The fact is, Christian fundamentalists and Republican congressmen aren’t the only people in the world who fail to place their trust in Western scientists. From what I’ve seen many Africans aren’t even sold on the accepted scientific understanding of HIV, and that’s certainly had a bigger impact on them so far than global warming. It’s painful to watch, but I also don’t see it as an unmitigated character flaw. The Western world has earned its mistrust.
Another phenomenon I have seen is what happens if something is successfully prevented. Often as not, the non-event causes a lot of people to wonder if the whole thing was worth the cost, or maybe even a big con, because, you know, nothing happened. I’ve seen it with the Y2K bug, with some averted African droughts, with recent terrorists plots that the feds said they foiled. This quality of the human character is not uniformly positive, but on the other hand, prevention always looks better in hindsight. In the present, it involves a weird state where nothing is actually going wrong, but everyone is maximally afraid of what could go wrong. In the English language, that state is generally called paranoia.
That is largely why, in my gut, I don’t think global warming can be indefinitely put off. It can be slowed, which would certainly help people to adjust to the changes. But the sort of dramatic, instant and permanent conversion of the world that McKibben envisions would take a miracle. I cannot rule out miracles, of course, but neither can I plan them. And trying to force miracles certainly has its own hazards. Another thing that bothers me about solutions to global warming is that they seem, by necessity, to be so authoritarian. In James Burke’s After the Warming, a sci-fi documentary from an imagined future, Burke says that in the 21st century a planetary authority took charge of the matter, enacting sweeping reforms such as outlawing beef. Nasty issues like how this was enforced were, to my memory, left unexplored.

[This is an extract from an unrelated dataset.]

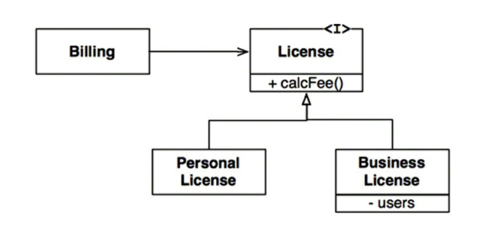 Giả sử chúng ta có một class tên là License như hình dưới đây. Class này có một method tên là calcFee(), mà được gọi bởi ứng dụng Billing. Chúng ta có 2 subtype của License: PersonalLicense và BusinessLicense. Các class này sử dụng các thuật toán khác nhau để tính phí license (kiểu phí bản quyền/giấy phép cho bạn nào không biết license là cái gì).

I think the issue underlying all this is that, even on the Christian left, there still is a certain conflict between science and religion. The predictions of climatologists are mechanistic. The weather, in their models, doesn’t care what your reasons are for putting carbon dioxide in the air, nor does it care what means you use to lower them. It responds the same regardless. Only a personal God cares about motivations, or has mercy on sinners. So while the hand of God may indeed be in all this, I am not comfortable with turning climatologists into prophetic interpreters of natural events. Ultimately, their assumptions come from different premises.
In many ways, this whole discussion really reminds me of the last chapter of The Politics of Jesus, which I blogged about here. At the beginning of it Yoder discussed various efforts to discern the direction of history, and to manipulate it for certain desirable outcomes. The Bible, he says, rejects such approaches as human hubris; God knows where history is headed, and so his commands, even if they don’t seem practical in the short term, will lead us to the right place. There is something in that to be applied here, I think. Certainly Christian mores like supporting local communities and rejecting materialism can help fight global warming; but on the other hand, anointing scientists as prophets, making utilitarian calculations about what solution will kill the fewest people, and justifyng the power of government as a means to an end are actions that might combat global warming but aren’t exactly Christian. As with premillennialism, a little less grand theorizing and a little more trust in God might be in order.